An information sheet with information about the reverse split is available on SAS website.
 

For further information, please contact
Sture Stølen, Head of SAS Group Investor Relations, +46 70 997 14 51
SAS Group Investor Relations

SAS discloses this information pursuant to the Swedish Securities Market Act and/or the Swedish Financial Instruments Trading Act. The information was provided for publication on 1 June 2010, at 11:00 a.m. CET. 

Disclaimer
This document is not being distributed to persons in any state or jurisdiction where the offer or sale of the rights or shares is not permitted. 

These materials are not an offer for sale of securities in the United States. Securities may not be sold in the United States absent registration with the United States Securities and Exchange Commission or an exemption from registration under the U.S. Securities Act of 1933, as amended. The issuer of the securities does not intend to register any part of the offering in the United States or to conduct a public offering of the Rights or the Shares in the United States. 

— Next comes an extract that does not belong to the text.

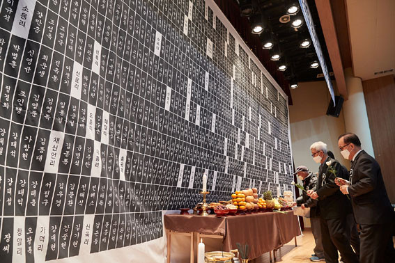 ¿À¼¼Çö ½ÃÀåÀº Ã߸ð»ç¿¡¼ ¡°Çѱ¹ÀüÀï ½Ã±â, ¾Æ»êÁö¿ª¿¡¼ ¹ß»ýÇÑ ¹Î°£ÀÎ Çлì·Î Èñ»ý´çÇÑ ¿µ·ÉµéÀÇ ¸íº¹À» ºô¸ç ´«¹°·Î Ã߸ðÁ¦¸¦ ÁغñÇϼÌÀ» À¯Á·ºÐµé²²µµ ±íÀº À§·ÎÀÇ ¸»¾¸ µå¸°´Ù¡±¸ç ¡°½Ã´Â ¹Î°£ÀÎ Èñ»ý »ç°ÇÀÇ Áø½Ç±Ô¸íÀ» À§ÇØ ³»³â¿¡µµ À¯ÇØ ¹ß±¼À» °èȹÇϰí ÀÖ°í, À¯°¡Á· »Ó¸¸ ¾Æ´Ï¶ó ¾Æ»ê½Ã¹Î ¸ðµÎ°¡ ¹Î°£ÀÎ Èñ»ý »ç°ÇÀ» ±â¾ïÇϰí Èñ»ýÀÚ¸¦ Ã߸ðÇÒ ¼ö ÀÖµµ·Ï °ü·Ã »ç¾÷¿¡ Áö¿øÀ» ¾Æ³¢Áö ¾Ê°Ú´Ù¡±°í ¸»Çß´Ù.

This document is only being distributed to and is only directed at (i) persons who are outside the United Kingdom or (ii) to investment professionals falling within Article 19(5) of the Financial Services and Markets Act 2000 (Financial Promotion) Order 2005 (the “Order”) or (iii) high net worth companies, and other persons to whom it may lawfully be communicated, falling within Article 49(2)(a) to (d) of the Order (all such persons in (i), (ii) and (iii) above together being referred to as “relevant persons”). The Rights and the Shares are only available to, and any invitation, offer or agreement to subscribe, purchase or otherwise acquire such securities will be engaged in only with, relevant persons. Any person who is not a relevant person should not act or rely on this document or any of its contents. 

This document is an advertisement and is not a prospectus for the purposes of Directive 2003/71/EC (such Directive, together with any applicable implementing measures in the relevant home Member State under such Directive, the “Prospectus Directive”). A prospectus prepared pursuant to the Prospectus Directive will be published, which, when published, can be obtained from the SAS Group. Investors should not subscribe for any securities referred to in this document except on the basis of information contained in the prospectus. 

In any EEA Member State that has implemented the Prospective Directive, this communication is only addressed to and is only directed at qualified investors in that Member State within the meaning of the Prospectus Directive.